Les anciens garages, aujourd’hui démolis, ont été bâtis en 1988 à une époque où la F1 avait atteint un... certain niveau.

Aujourd’hui, c’est un monde de différence. La F1 a évolué de façon exponentielle. La quantité de matériel n’est plus la même et les écuries font travailler beaucoup plus de gens.
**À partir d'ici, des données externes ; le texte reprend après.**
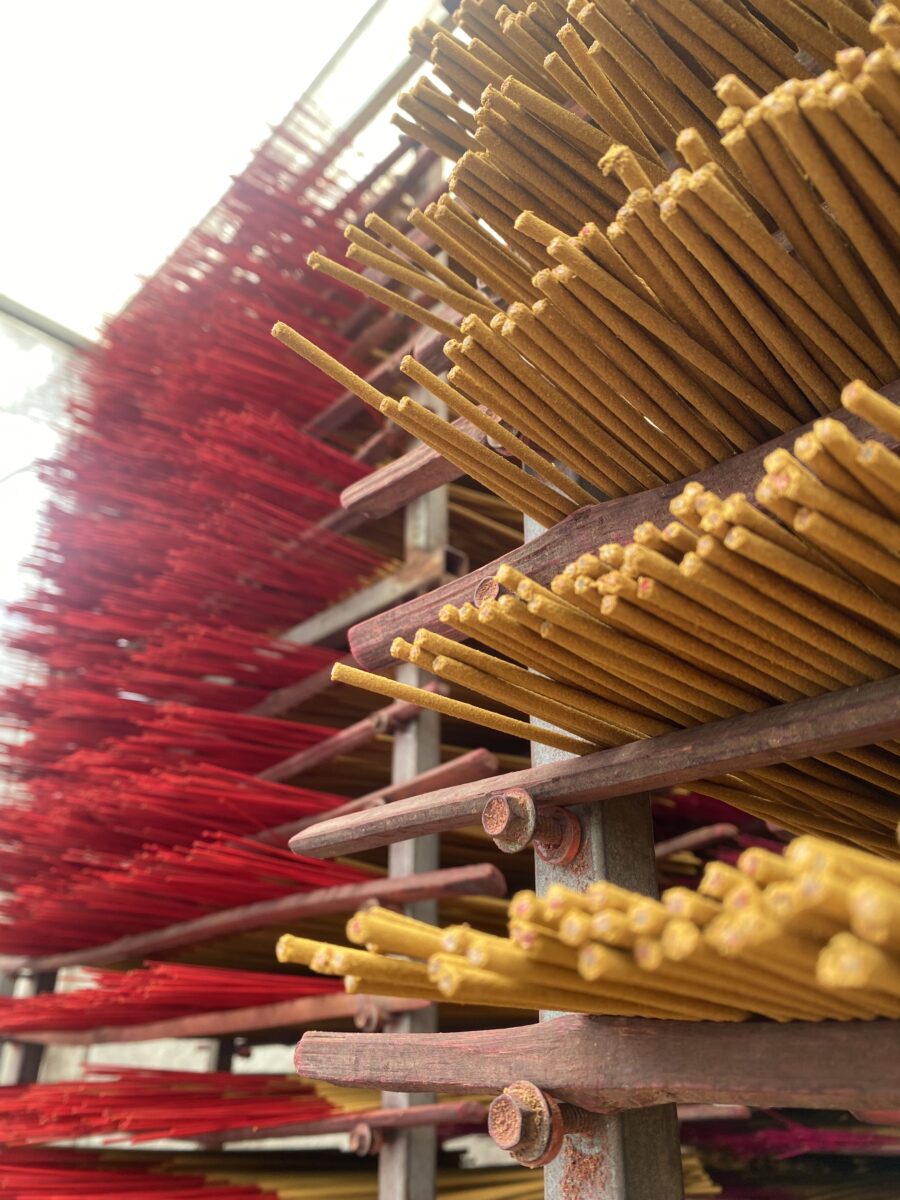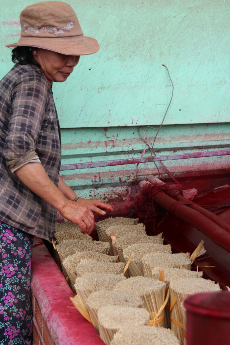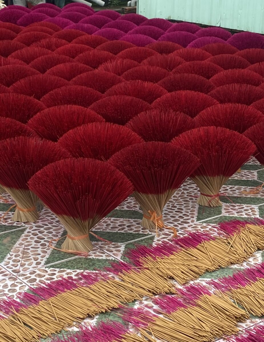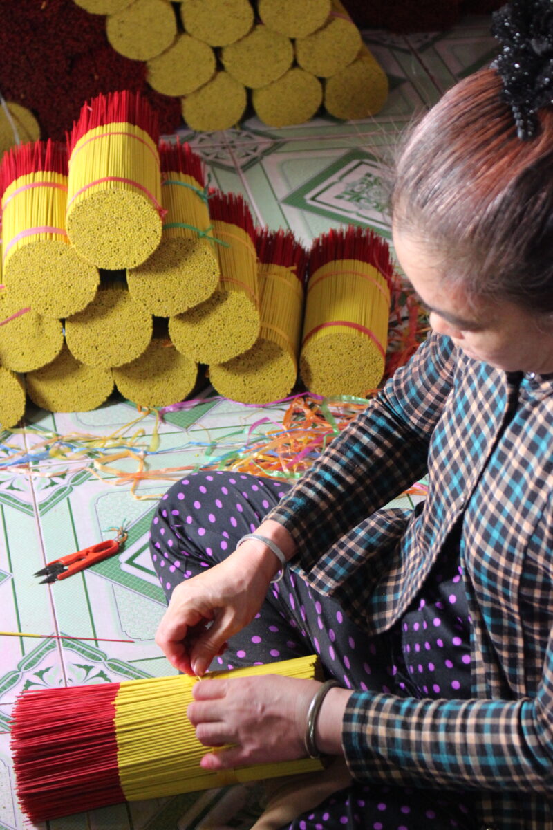 Những bức ảnh ghi lại khoảnh khắc lao động bình dị tại làng nhang truyền thống ở Bình Chánh. Giữa không gian rực rỡ sắc vàng, đỏ, hồng của những bó hương xếp ngay ngắn, bàn tay khéo léo của người thợ vẫn miệt mài vun vén từng tăm hương, gói ghém trong đó cả tâm huyết và niềm tự hào về nghề tổ. Dưới ánh sáng tự nhiên, màu sắc của hương không chỉ tượng trưng cho sự thanh tịnh mà còn là biểu tượng của văn hóa tâm linh Việt, nơi con người luôn hướng về cội nguồn, về những giá trị tinh thần thiêng liêng. Bộ ảnh là lời tri ân dành cho những con người thầm lặng vẫn ngày ngày “giữ lửa” cho làng nghề, để hương Việt tiếp tục lan tỏa, để những giá trị truyền thống mãi được gìn giữ và tỏa sáng trong nhịp sống hiện đại hôm nay.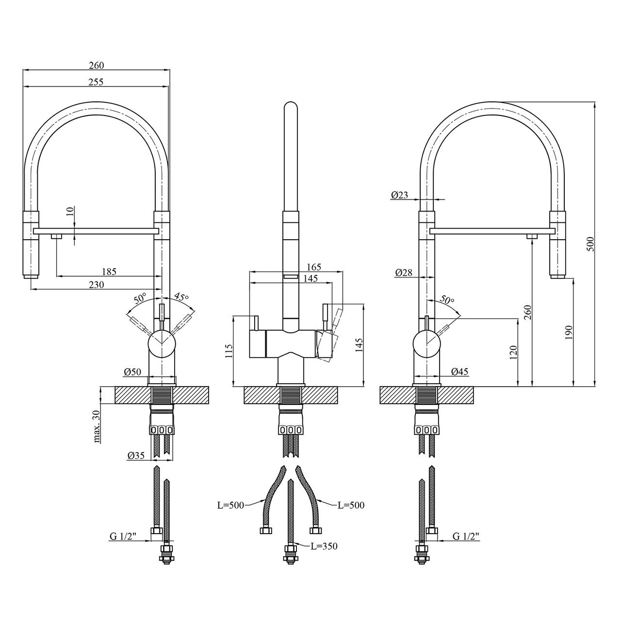 Высота, мм500
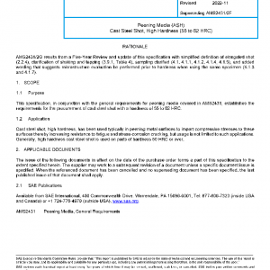 This specification, in conjunction with the general requirements for peening media covered in AMS2431, establishes the requirements for the procurement of cast steel shot with a hardness of 55 to 62 HRC.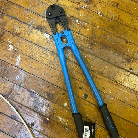 Kraftig boltesaks. LItt smårust, men smurt og fungerer som den skal.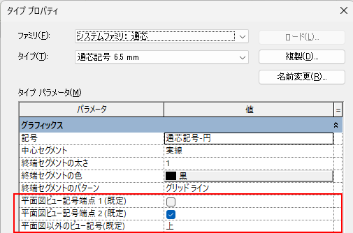 • 立面図や断面図など、平面図ビュー以外のビューでは、通芯記号を表示する位置を指定します。[平面図以外のビュー記号(既定)]で、[上]、[下]、[両方](上と下)、[なし]のいずれかを選択します。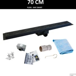 Specificaties Zwarte Douchegoot met Flens en Sifon 70x7cm 6,7cm Diep: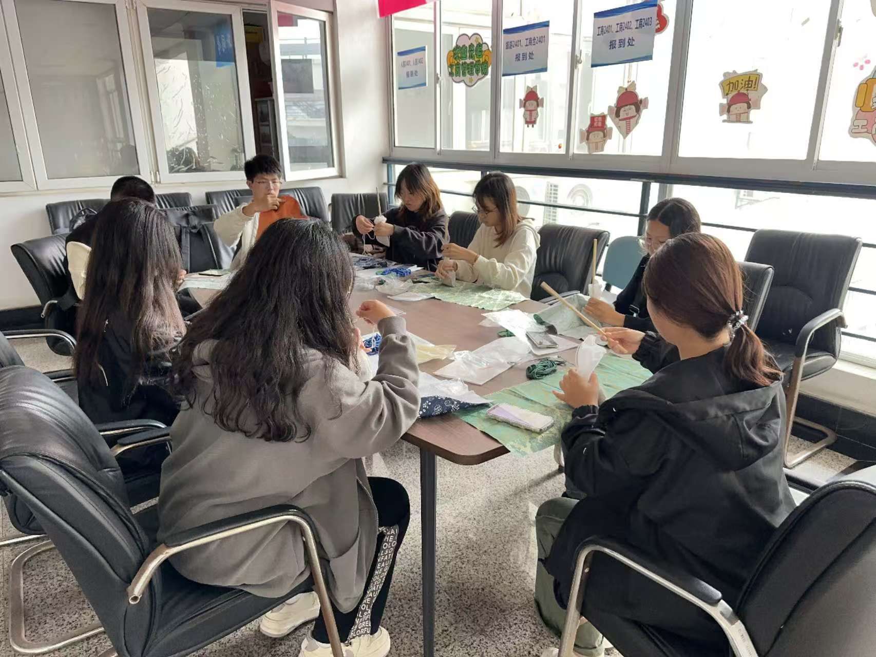 公共管理学院志愿者前往银城君颐东方护理院,与老人共赏秋色,共度重阳。志愿者们将准备好的五颜六色的扭扭棒和精挑细选的绿叶依次分发到在座的每位老人手上,与老人们一起制作扭扭棒花和树叶拓染。老人们一边笑着敲动手中的小锤,扭着毛茸茸的扭扭棒,一边和志愿者们唠嗑闲聊。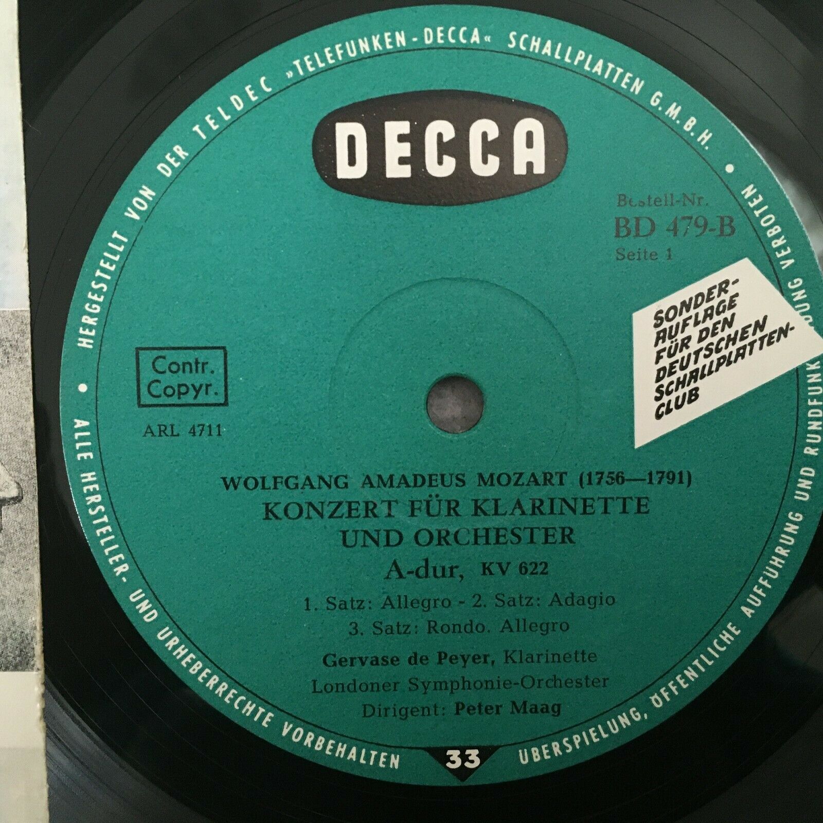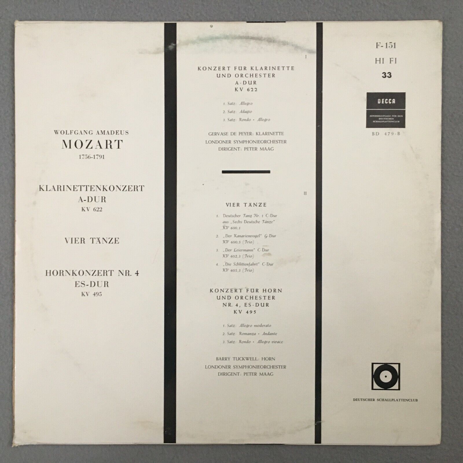 Y974 Mozart Clarinet Concerto Horn Concerto De Peyer Tuckwell Maag DECCA F-151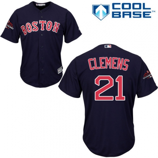 Men's Majestic Boston Red Sox #21 Roger Clemens Navy Blue Alternate Flex Base Authentic Collection 2018 World Series Champions MLB Jersey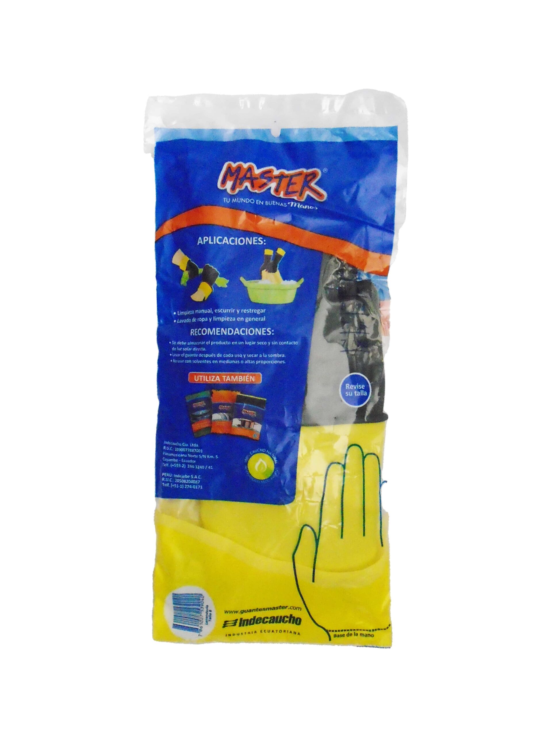 Guantes de caucho doméstico para lavandería marca Master, talla 8 bicolor, par

«Il fallait s’adapter à ses nouvelles exigences, a affirmé Dumontier. Il était temps de passer à une autre étape.»

Ventes à la hausse

Dumontier a aussi indiqué que la vente des billets était à la hausse comparée à pareille date l’an dernier.

«Un des éléments de cet engouement, dit-il, c’est évidemment cet attrait de curiosité des amateurs qui veulent constater sur place nos nouvelles installations. La présence de Lance Stroll est un autre facteur important. On veut venir encourager un pilote local et aussi une écurie [Racing Point] détenue en partie par des actionnaires canadiens, dont son père Lawrence», a conclu Dumontier.

D’ailleurs, la monoplace de l’écurie Racing Point (qui est en fait une voiture de l’année dernière sans moteur et destinée à des événements promotionnels), sera sur place mercredi. Elle avait servi au lancement de l’équipe à Toronto en février dernier.

Une solide réputation

«La présence de Montréal au calendrier est importante, comme, en fait, toutes nos autres destinations», a pour sa part raconté Carey dans une brève discussion avec le représentant du Journal de Montréal à Barcelone.

«Votre ville s’est taillé une solide réputation dans le milieu de la F1 au fil des ans, a-t-il renchéri. On sait très bien que tous les gens qui gravitent autour de notre discipline aiment venir à Montréal chaque année. On me le répète constamment.»

«Le fait d’avoir célébré ses 40 ans d’existence l’an dernier est un exemple de longévité. Ces nouvelles infrastructures vont solidifier les fondations du Grand Prix du Canada.»